Bus batteries – next stop sustainability

Posted on 20 June 2023

Bus batteries – next stop sustainability

If you were to open the engine bay of one of Nelson Tasman’s new electric buses next to the engine bay of a Nissan Leaf you’d notice at least one key difference. A different battery.

The Foton 12m Electric City Bus, 17 of which will have arrived in Nelson ahead of the August 1 launch date, uses a lithium iron phosphate (LFP) battery as opposed to the Nickel Magnesium Cobalt (NMC) batteries used in many electric vehicles. 

Nelson City Council Group Manager Infrastructure Alec Louverdis says that LFP batteries are safer and more sustainable than NMC batteries. 

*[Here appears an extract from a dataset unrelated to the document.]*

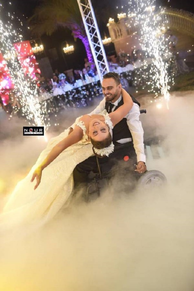 قصتهما باتت مثالاً للحب الحقيقي، بعدما انتشرت في وسائل التواصل الاجتماعي من خلال مقطع فيديو يظهر عروساً وهي ترقص فرحاً مع حبيبها وهو على كرسيه المتحرك، في مشهدٍ اثار اعجاب رواد "فايسبوك" حيث شاركوا في نشره، معبرين عن فرحتهم بهما وبقدرتهما على تجاوز كل العوائق والحواجز التي وقفت في طريقهما.... هما العريسان جمال بشاشة وعروسه عليا شمعة اللذان جمعتهما قصة حب على مدى عشر سنوات قبل ان تتكلل بالزواج.

“LFP batteries are more in tune with the needs of our new bus network in almost every way when compared to an NMC. The LFP battery has a longer life cycle, is better value, and as it doesn’t use nickel, magnesium or cobalt is more environmentally sustainable. 

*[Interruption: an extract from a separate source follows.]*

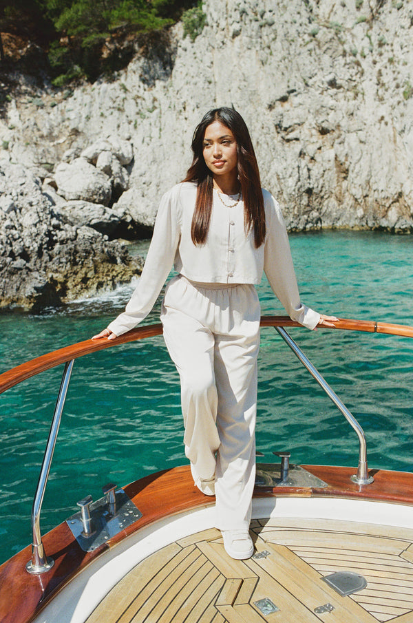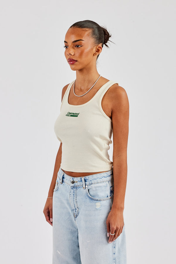 Ribbed Cropped Tank Top with Trim Detail - Stone

“It’s also less likely to catch fire. LFP batteries are less prone to this issue than NMC batteries due to their more stable chemical structure."

The LFP batteries that will come with our buses are expected to last for more than 10 years, but once they reach that point it won’t be the end of their journey. 

“The buses could be used on a shorter run or alternatively the old batteries can be reused at the Richmond bus depot to store energy from renewable sources to charge buses or supply power to the depot,” says Louverdis.  

“Giving the batteries a second life goes further to reducing the impact our buses have on the environment. We’re really excited to get the new buses on the road, so Nelsonians can see just how good their new service will be.”